Regardless of whether we dive all the way into the training world or whether we commit to being “about that life,” we try to do all of the right things to stay safe with whatever level of preparation we’ve achieved. We lock our doors, look over our shoulders, and carry our weapons. We practice all of the right things and become experienced with them, if not expert. We are strong. We are empowered.
But as I was talking about last week, the bad guy gets a vote. If you missed it, here’s the upshot in shorter form: you can do everything right, and still get hurt, still die. That’s why it’s important to allow for failure as an option, to figure out if you can turn it around to survival and success. But that’s also why it’s important to understand that sometimes you’re just going to lose.
I won’t tell you that’s okay, because it’s not.

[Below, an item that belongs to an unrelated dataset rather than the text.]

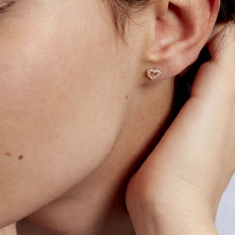Boucles D'oreilles Puces Coeur Ajoure Or Jaune Oxyde De Zirconium - Clous d'oreilles Femme | Histoire d’Or

Nobody wants that outcome, especially anybody who trains and educates ourselves as we do. However, to paraphrase the late Dr. William Aprill, we live in the world as it is and not the world as we wish it to be.
That’s why I’d urge you to add another thought exercise to the work you’re doing towards increasing your safety: what does it mean to fail your own terms? While we focus on triumphing over the bad guy, what else can we count as a win? Is it enough that we fought back? That we made the bad guy exert more effort than they’d planned on when they selected us as a victim? That we find a way to make the bad guy lose too, for whatever definition of “lose” we want to use?
Then what do you have to do to ensure that you can meet that goal, in addition to or instead of meeting your goal of outwitting and outfighting the bad guy? Are there more things you need to learn? Do you need to practice what you know more? Is there mental and emotional work you need to do to ensure that you are able to act as you would like? Or do you simply need to sit down and get comfortable with whatever outcome may occur if you are attacked?
You are allowed to decide whatever you like, in terms of how much you want to fight back against a bad guy, how much you are willing to hurt them to save yourself. You must acknowledge, though, the full range of potential outcomes and do what is necessary to enable your peace with them. The time to figure that out is not in the middle of a crisis, but right now. What are you waiting for?